Longest common subsequence (LCS) here provides Efficient diff computation by reusing overlapping prefix-pair sub-problems, since the best answer for a given pair of prefixes only depends on best answers already computed for slightly shorter prefixes, so dynamic programming solves each distinct sub-problem once and reuses it, instead of checking every possible subsequence of either string. Checking every possible subsequence of either string costs exponential time as the strings get longer. This reuse-of-overlapping-prefix-sub-problems behavior is exactly why the longest common subsequence underlies practical, fast diff tools for text and version control.
3 / 5
In a code review, a dev notices a document-diffing feature checks every possible subsequence of both documents individually to find their longest shared subsequence, instead of building up a table of best answers over every pair of prefixes. What does this represent?
This is a missed longest-common-subsequence opportunity, since building up a table over every pair of prefixes, the way the longest common subsequence's dynamic-programming solution does, would reuse overlapping sub-problems instead of checking every possible subsequence. A cache eviction policy is an unrelated concept about discarded cache entries. This brute-force-enumeration pattern is exactly the kind of avoidable exponential cost a reviewer flags once the documents are long enough for it to matter.
4 / 5
An incident report shows a document-diffing feature's running time exploded on moderately long documents, because it checked every possible subsequence individually instead of building up a table of best answers over prefix pairs. What practice would prevent this?
Rewriting the diff logic using the longest common subsequence's dynamic-programming approach eliminates the exponential enumeration cost. Continuing to check every possible subsequence of two documents individually regardless of how long the documents being diffed are is exactly what caused the issue described in this incident. This dynamic-programming approach is the standard fix once brute-force subsequence enumeration is shown to be the actual bottleneck.
5 / 5
During a PR review, a teammate asks why the team reaches for the longest common subsequence instead of the edit-distance algorithm, given that edit distance also compares two strings with a similar dynamic-programming table. What is the reasoning?
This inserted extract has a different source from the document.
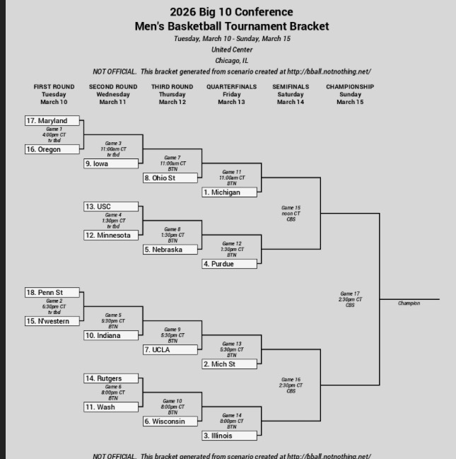 (2) If we are the #4 seed, we have also locked ourselves into the morning session with Michigan for both Friday and Saturday if we make it. That doesn't just suck because Michigan will certainly probably have a good showing themselves, as I am sure MSU would also bring a lot of fans if we were in the evening session with them. What sucks the most about this is Michigan fans have known they'd be the morning session for Friday and Saturday for well over a week now, giving them an edge on scooping up tickets. By contrast, assuming Illinois beats Maryland, we wouldn't know for sure if we were the #4 seed (morning session) or #3 seed (evening session) until like 6:00 pm on Sunday night. The odds are pretty heavy that we are the #4 seed, but that is only because people are assuming Nebraska will beat Iowa at home.

The longest common subsequence finds the longest shared, in-order sequence of characters between two strings, which is exactly what a line-based diff tool needs to highlight unchanged content, while edit distance instead counts the minimum number of insertions, deletions, and substitutions needed to transform one string into the other, a related but different question better suited to a typo-tolerance score. This is exactly why the two dynamic-programming techniques, despite similar tables, serve different practical purposes.